De stadswallen zijn alle beplant met bomen, doorgaans met olmen of essen. Deze bomen vormen een inkomstenbron voor de stad vanwege de verkoop van het kostbare hout. Ook dit jaar besluit men in november een groot aantal bomen van de wallen te rooien en te verkopen. Het Stadsbestuur benoemt in de plaats van de overleden schoolmeester Dirck Tops de uit Aagtekerke afkomstige Willem Coene. Vanaf 1 september krijgt hij een jaarwedde van 50 gulden uit de stadskas. Vele jaren was de overleden schoolmeester ook lid van de vroedschap beurtelings als burgemeester, regent en raad.

* * *

Gedurende de eeuwwisseling is ds. Jac. Zuérius predikant van de Hervormde Gemeente. Al vanaf 1682 dient hij de kerk van Arnemuiden.

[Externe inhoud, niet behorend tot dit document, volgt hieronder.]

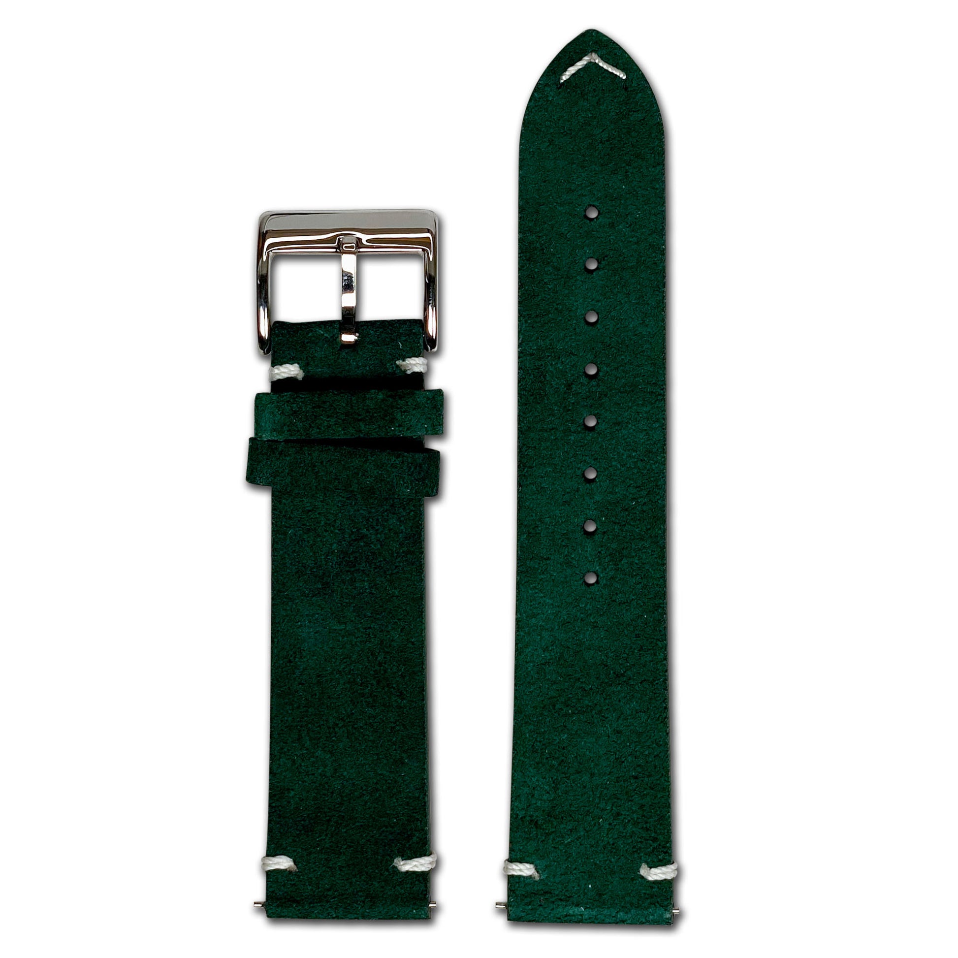 Quick Release Watch Band | Suede Leather | Minimal Stitch | Dark Green

Over de periode 12 september 1700 tot  26 april 1719 kunnen nauwelijks gegevens over de Hervormde gemeente worden vermeld. Het notulenboek over deze jaren ontbrak reeds in 1796. Nimmer is het meer tevoorschijn gekomen. Gedurende deze periode heersen er hevige geschillen in de gemeente door de actieve opstelling van sommige Libertijnen. De baljuw, en later vele jaren burgemeester, Pieter Wiltschut en z’n vrouw waren vooraanstaande aanhangers van de Libertijnen. Algemeen wordt verondersteld dat het ‘Acteboeck’ vanwege deze geschillen is verduisterd.